Шагая по лагерному двору, Радин так пожалел себя, что будь он один, непременно разрыдался бы от тоски и унижения.

Доктор молча взглянул на него, но ничего не спросил. В околодке было много больных и посторонних лиц из служебного персонала.

Позже, в обеденный перерыв, Радин вполголоса рассказал о причине вызова к начальнику, о кофе он умолчал, только сказал, что жена начальника лагеря показалась ему доброй и интеллигентной женщиной.

— Кажется, да. О ней всё отзываются хорошо, но, дорогой мой, вы писатель, значит, психолог… Будьте осторожны, не доверяйте здесь никому: первые впечатления часто обманчивы. Что касается «Грозного», то он не только самодур, он вообще психически не совсем нормальный человек. Безнаказанность, полное бесправие заключенных, абсолютная власть над ними разрушает и более сильную психику, чем у него. Она дала вам полезный совет, больше молчите, не высказывайтесь без необходимости и не перечьте ему. Как все неполноценные люди, он считает себя, особенно здесь, самым умным, самым советским, самым непогрешимым. Этот человек может неожиданно и погубить и спасти вас.
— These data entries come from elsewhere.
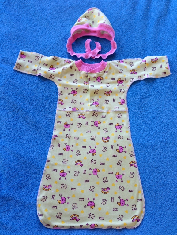 Шитье одежды, выкройки, ремонт одежды, шторы, швейные машины (уже приобретенные)Слипик и шапочка для новорожденной малышки . Моя ошибка в том, что застежка короткая, одевать приходилось с низу натягивая.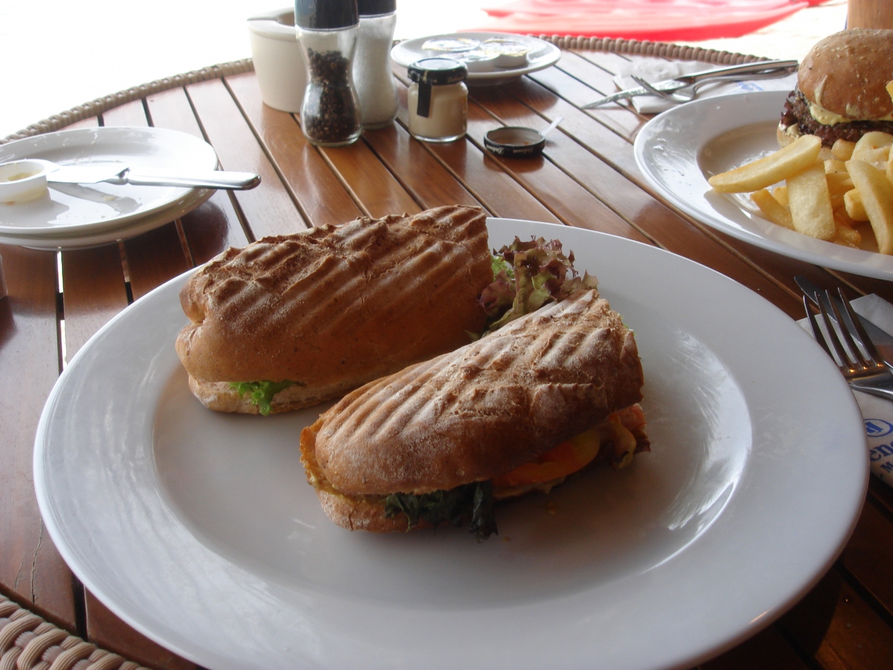 「ロツイグリル」で昼食。エビが有名らしくエビのパニーニを注文。メニューにヒルトンバーガーというものが…。珍しいので注文してみましたが、マスタードが効き過ぎていて辛い…。辛いのが苦手な人は食べられないかも。ホテル内という事もあり、お昼だけで4,000CFP位、割高です。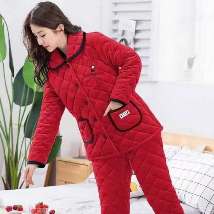 睡衣女冬季三层加厚夹棉珊瑚绒睡衣加绒法兰绒保暖棉袄家居服套装,数量28套,码数M-2XL,独立包装,货品干净厚实。
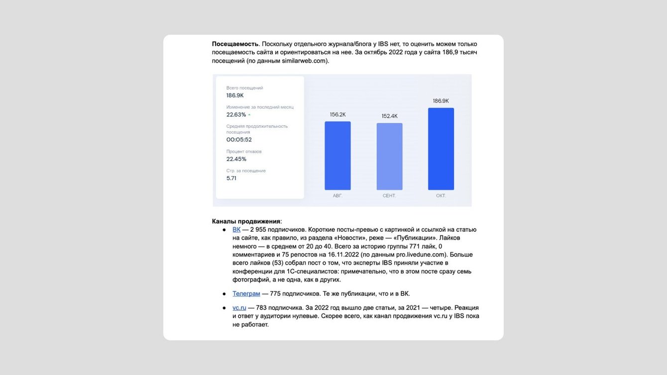 Разработали для клиента контент-стратегию и отдали документ на 109 страниц, где собрали информацию о конкурентах, продвижении в соцсетях, концепцию и контент-план на первый месяц. Сделали сайт с блогом и запустили соцсети.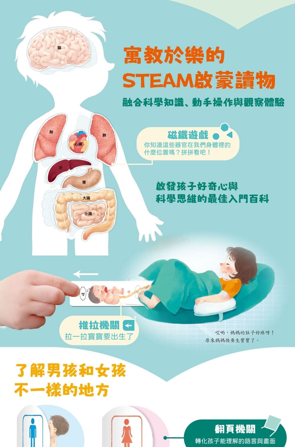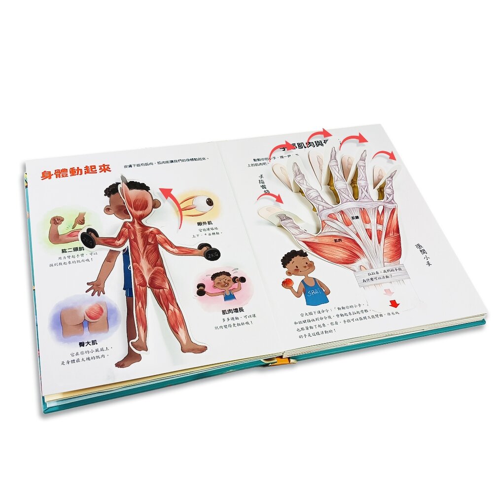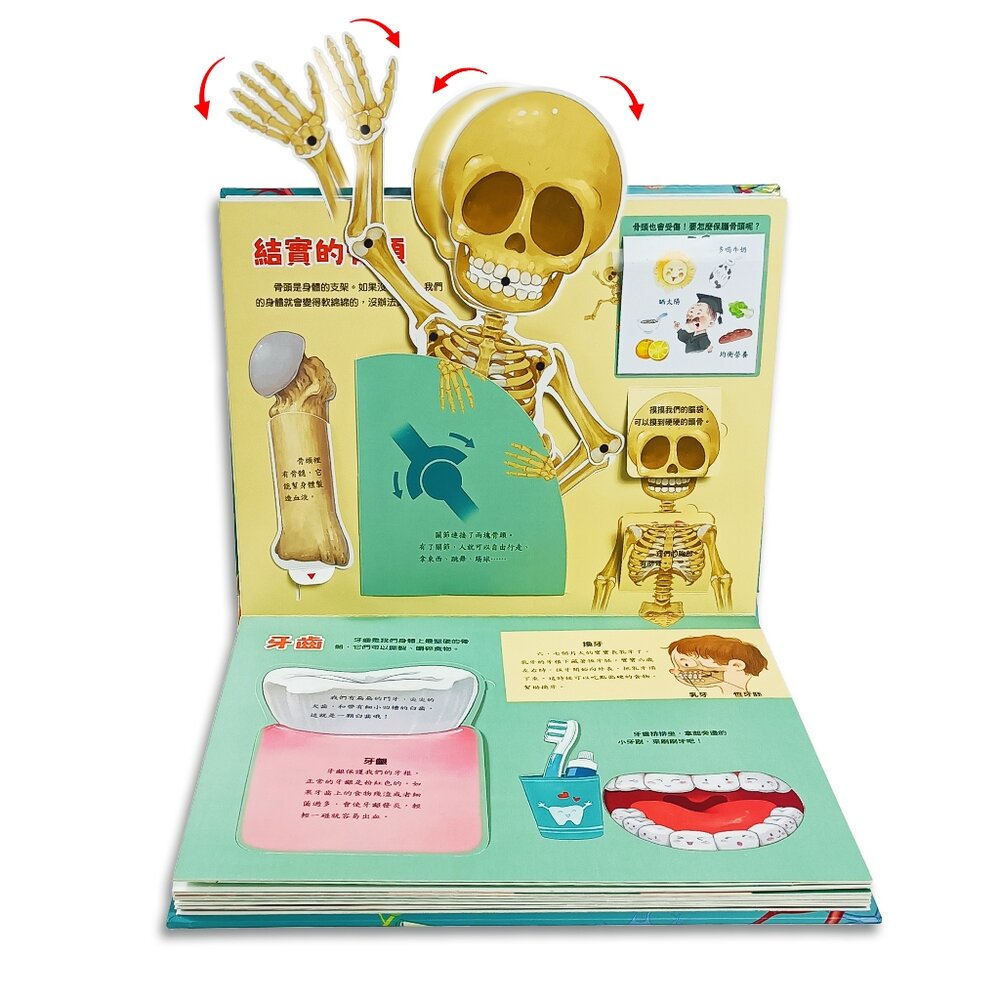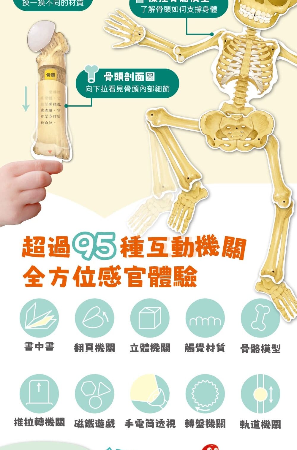 書中結合立體機關、磁力貼、骨骼模型、透視頁、推拉轉設計,
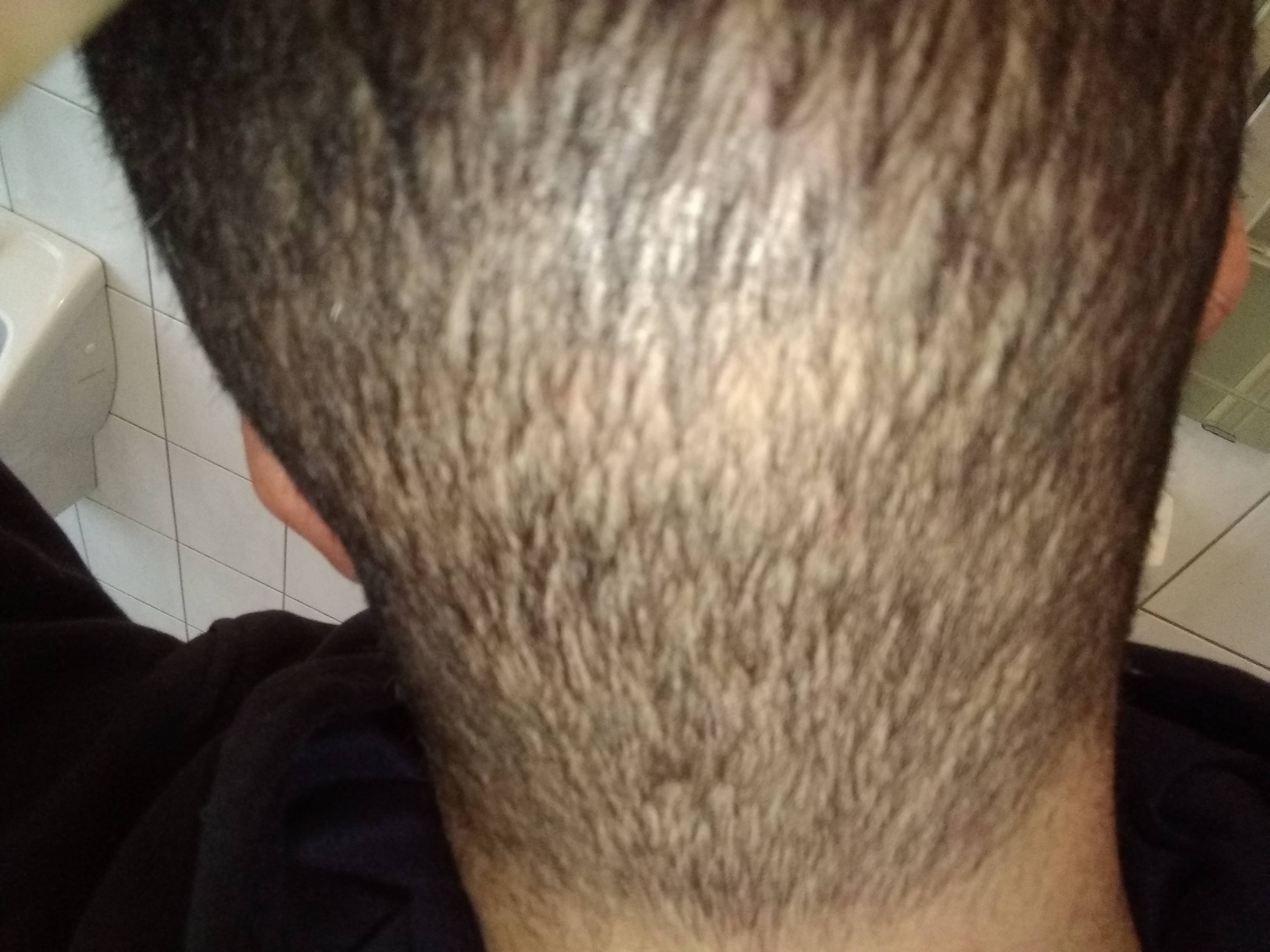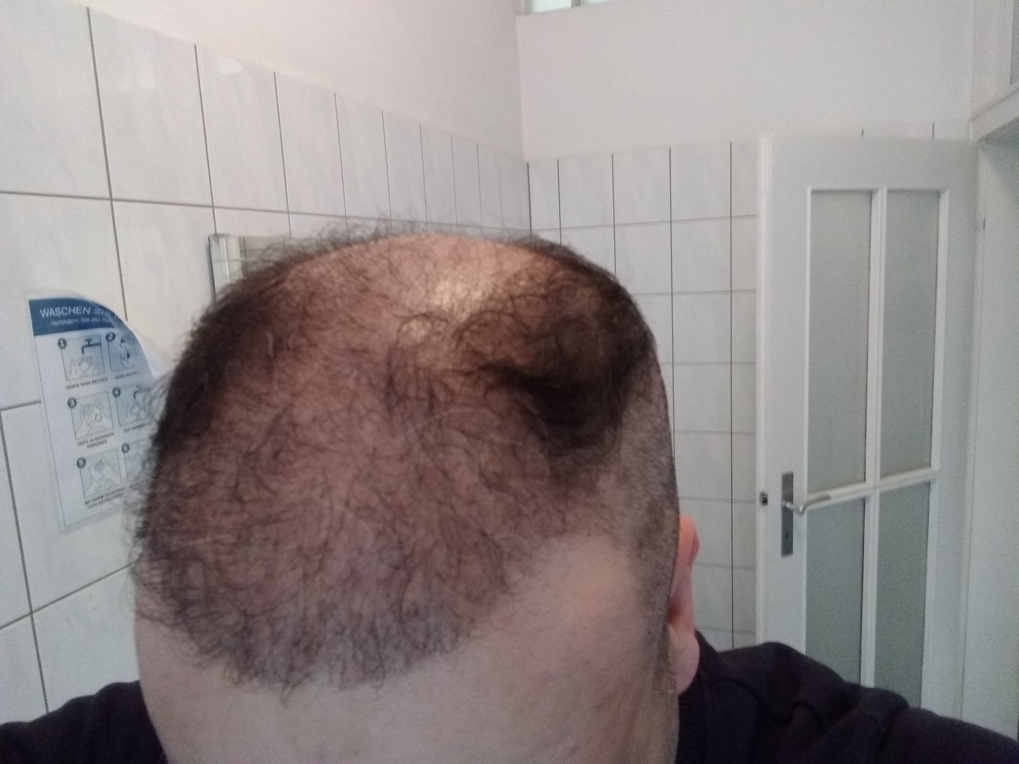 Danke für dein positives Feedback,wie bereits geschrieben habe ich die OP vor 7 Monate gemacht,muss noch 5 Monate warten bis das Endergebnis da ist und dann kommt die Verdichtung dran,hier ist noch ein Photo vom Spenderbereich vor der HT

Так началась лагерная жизнь Радина. Иногда его предупреждали, чтобы он не являлся на работу в библиотеку. Это значило, что из Гулага в лагерь наезжало какое-то высшее начальство и останавливалось у «Ивана Грозного». Уже за несколько дней до этого скреблись и чистились полы, нары, входные двери, уборные, все ходили подтянутые, с сосредоточенными лицами, наиболее строптивые, в ком не было уверено начальство, отправлялись на дальние работы или в карцер. В такие дни Радин с утра до вечера работал в больнице, иногда доктор Карсанов давал ему возможность вести самостоятельный осмотр больных. Два других врача, тоже из заключенных, охотно помогали ему.

Однажды, когда он дописывал уже второй экземпляр каталога, книг, к нему вошел сам «Грозный». Начальник был без кителя, в белой рубахе с расстегнутым воротником и благодушно настроенный.

— Работай, работай… пиши, а я посижу возле, побалакаю с тобой… — он засмеялся, — день рождения у меня.

— Поздравляю вас, гражданин начальник, — сказал Радин.

— Чего поздравлять-то. Сорок второй пойдет, годы бегут… — Начальник улыбнулся. — Да-а… скоро и в старики запишут. А ты на военном в каком звании был?

— Старший лейтенант.

— Эх, промашку дал, зачем уходил в запас?

— Писать хотел, гражданин начальник.

— Ну и дурак. Был бы теперь майором, и на воле, а вот книги и довели тебя сюда.

Радин молчал.

— А человек ты неплохой, вот уже сколько ты здесь?

— Семь месяцев, гражданин начальник.

— Семь… — задумался «Грозный». — Семь… Наблюдаю я за тобой, работящий, не шпана, слово держишь, к людям уважение имеешь, и они к тебе тоже. Я, брат, слежу за тобой, доволен. А знаешь, что я для тебя вчера сделал? — вдруг спросил он.

— Не могу знать, — насторожился Радин.

— А вот знай. Тебя думали в другой лагерь перевести, а я — ни в какую! Нужный, говорю, он здесь человек, дельный, скромный и среди заключенных авторитетный. Нам бы, говорю, еще дать следует, а не отбирать. Ну, наверху послушались. Оставляем, говорят, дай о нем аттестацию. А знаешь, что это значит?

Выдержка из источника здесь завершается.